Friday, June 24, 2011

Lyrics of Life: Rapper gets a second chance at life with kidney transplant
A talented rapper learns the true meaning of brotherly love when his older brother saves his life by donating him his kidney.
Posted: 2:52 PM Jun 24, 2011
Reporter: Maureen McFadden | WNDU NBC 16, South Bend, Indiana

video

A talented rapper learns the true meaning of brotherly love when his older brother saves his life by donating him his kidney.

"I can't explain what it feels like to get a chance at a new life," said 28-year-old David Petterson.

Petterson, widely known on the airwaves as David Rush, now raps about his new life. His old one almost cost him his life.

"When you're running around at that age, you're really not thinking of your kidneys shutting down," said Petterson.

A few years ago Petterson, who weighed 400 pounds at the time, had just signed a multi-year music deal. Then doctors said he had one year to live. Around the time, he began to shed the pounds thanks to rigorous performances, allowing him to be placed on the organ recipient list.

"When it came to that point where it needed to be done, my mind was already made up," said Petterson.

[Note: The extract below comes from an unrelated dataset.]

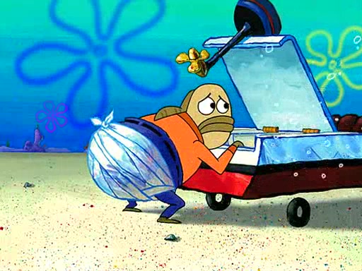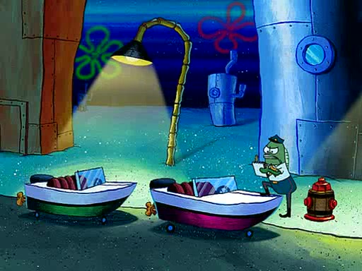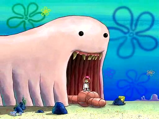 In the middle of the night, an Alaskan Bull Worm lurks into Bikini Bottom and causes havoc, destroying everything in sight. Soon it appears at SpongeBob's house and eats the pineapple. SpongeBob soon wakes up and the next day announces that it appeared at midnight eating everything. The Bikini Bottomites agree with this too and complain how it ate some of their belongings. They all try to plan a way to defeat this monster.

While waiting for the surgery, Petterson took his dialysis machine on the road and cleaned his blood backstage between concerts until he got his new kidney.

Petterson's older brother and road manager, Dwaine Haskins, was a match. So in Novermber of 2010, the operation was successful performed.

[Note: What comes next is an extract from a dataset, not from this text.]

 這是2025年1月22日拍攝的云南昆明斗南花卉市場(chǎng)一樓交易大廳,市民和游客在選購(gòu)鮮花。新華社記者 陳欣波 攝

Nephrologist Jeffrey Feldman encourages everyone, especially African Americans, to consider donating their organs.

"Patients, particularly African American's, will present with severe moderate severe kidney disease," said Feldman, medical director at Davita Plainfield Dialysis Center.

In fact, African Americans are four times more likely than Caucasians to develop kidney failure. However, a new survey finds that only 17 percent of African Americans with kidney failure knew that it developed as a consequence of diabetes and high blood pressure.

African American men ages 20 to 29 are ten times more likely to develop kidney failure.

Early kidney disease has no symptoms and if left undetected, it can progress into kidney failure with little or no warning.